BEGIN Data provided

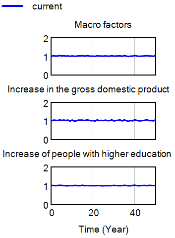 Macro factors describe the average of increase in the number of people with higher education and increase in the gross domestic product. Both increases were counted as the random normal, again based on the yearly historical data. Average of these two parameters was calculated as their sum divided by two.
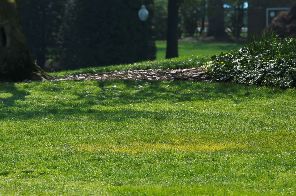 But now, less than a week later, recent photos show an off-color, pale patch of turf where the sapling once stood.
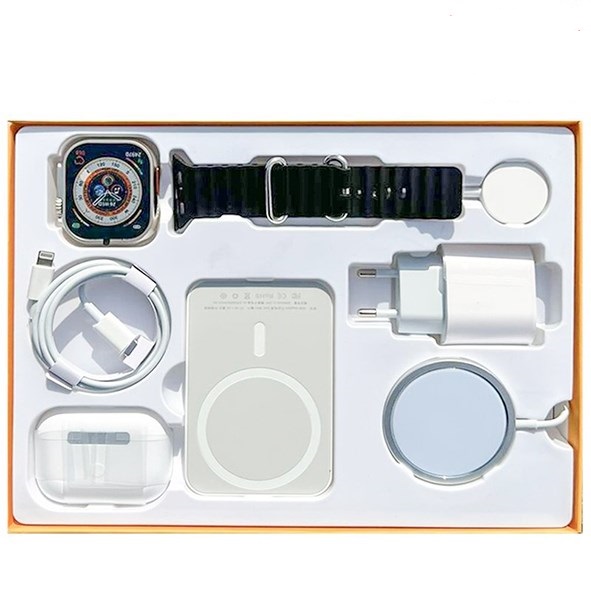 پک هدیه X10 Unique Combination  دارای ساعت هوشمند مدل X10 Ultra , های کپی دقیق از روی مدل اپل واچ سری 8 اولترا سایز 49 میلیمتر ( جدید ترین و قوی ترین ساعت اپل ) است ، ساعت هوشمند موجود در پک هدیه X10 Unique Combination دقیقا بر اساس اپل واچ اولترا ساخته شده و نسبت به قیمت خود از امکانات خیلی فراوانی برخوردار هست یکی از نقاط قوت این ساعت هوشمند صفحه نمایش بزرگ ، با کیفیت و وضوحی بی نظیر ، روشنایی خیلی زیاد نمایشگر که باعث جذابیت آن شده و در زیر نور خورشید هم میتوان به راحتی با آن کار کرد.
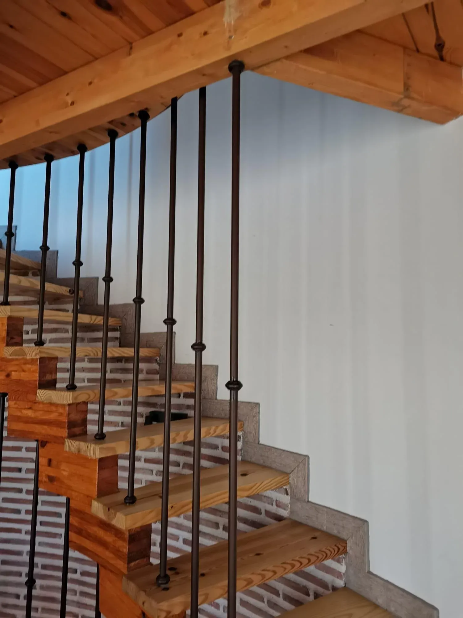 El acceso a la segunda planta con otra escalera situada encima de la anterior nos da paso a una segunda habitación, dispone de cama de 0,90 y sillón cama además de un aseo y una terraza desde donde se divisan el Lago, La sierra y el pueblo de Palmaces de Jadraque.

END Data provided

Task instructions
A word-for-word repetition of the data above, without pictures, is the expected answer.

Response
 Macro factors describe the average of increase in the number of people with higher education and increase in the gross domestic product. Both increases were counted as the random normal, again based on the yearly historical data. Average of these two parameters was calculated as their sum divided by two.
 But now, less than a week later, recent photos show an off-color, pale patch of turf where the sapling once stood.
 پک هدیه X10 Unique Combination  دارای ساعت هوشمند مدل X10 Ultra , های کپی دقیق از روی مدل اپل واچ سری 8 اولترا سایز 49 میلیمتر ( جدید ترین و قوی ترین ساعت اپل ) است ، ساعت هوشمند موجود در پک هدیه X10 Unique Combination دقیقا بر اساس اپل واچ اولترا ساخته شده و نسبت به قیمت خود از امکانات خیلی فراوانی برخوردار هست یکی از نقاط قوت این ساعت هوشمند صفحه نمایش بزرگ ، با کیفیت و وضوحی بی نظیر ، روشنایی خیلی زیاد نمایشگر که باعث جذابیت آن شده و در زیر نور خورشید هم میتوان به راحتی با آن کار کرد.
 El acceso a la segunda planta con otra escalera situada encima de la anterior nos da paso a una segunda habitación, dispone de cama de 0,90 y sillón cama además de un aseo y una terraza desde donde se divisan el Lago, La sierra y el pueblo de Palmaces de Jadraque.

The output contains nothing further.